Pub Date : 2025-10-21eCollection Date: 2025-10-01DOI: 10.1093/jamiaopen/ooaf101
Camille Nebeker, Jean Christophe Bélisle-Pipon, Benjamin X Collins, Ashley Cordes, Kadija Ferryman, Brian J McInnis, Shannon K McWeeney, Laurie L Novak, Susannah Rose, Joseph M Yracheta, Ishan C Williams, Xiaoqian Jiang, Ellen W Clayton, Bradley A Malin
Objective: The Bridge2AI program is establishing rules of practice for creating ethically sourced health data repositories to support the effective use of ML/AI in biomedical and behavioral research. Given the initially undefined nature of ethically sourced data, this work concurrently developed definitions and guidelines alongside repository creation, grounded in a practical, operational framework.
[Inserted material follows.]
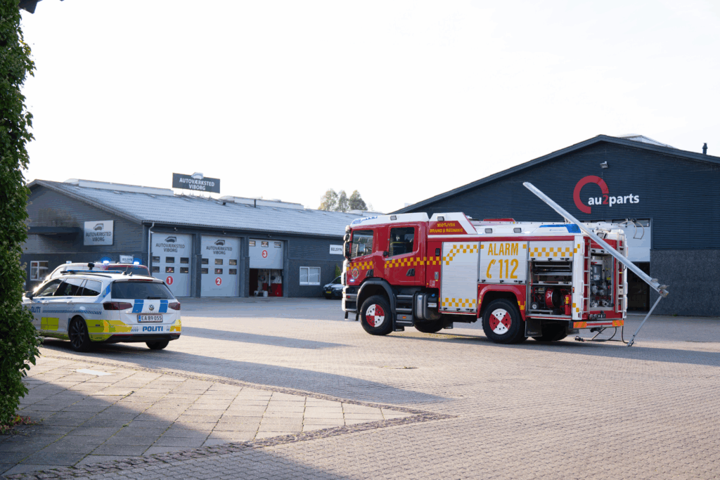 Onsdag morgen er brandvæsnet og politiet til stede ved en forhandler af bildele.

Materials and methods: A Value Sensitive Design (VSD) approach was used to explore ethical tensions across stages of health data repository development. The conceptual investigation drew from supply chain management (SCM) processes to (1) identify actors who would interact with or be affected by the data repository use and outcomes; (2) determine what values to consider (ie, traceability accountability, security); and (3) analyze and document value trade-offs (ie, balancing risks of harm to improvements in healthcare). This SCM framework provides operational guidance for managing complex, multi-source data flows with embedded bias mitigation strategies.
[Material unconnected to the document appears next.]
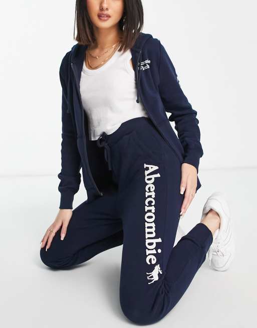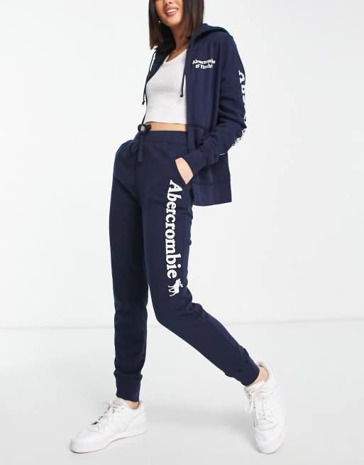 Abercrombie Fitch Pantalon de jogging en polaire avec logo sur le c t Bleu marine

Results: This conceptual investigation identified the actors, values, and tensions that influence ethical sourcing when creating a health data repository. The SCM steps provide a scaffolding to support ethical sourcing across the pre-model stages of health data repository development. Ethical sourcing includes documenting data provenance, articulating expectations for experts, and practices for ensuring data privacy, equity, and public benefit. Challenges include risks of ethics washing and highlight the need for transparent, value-driven practices.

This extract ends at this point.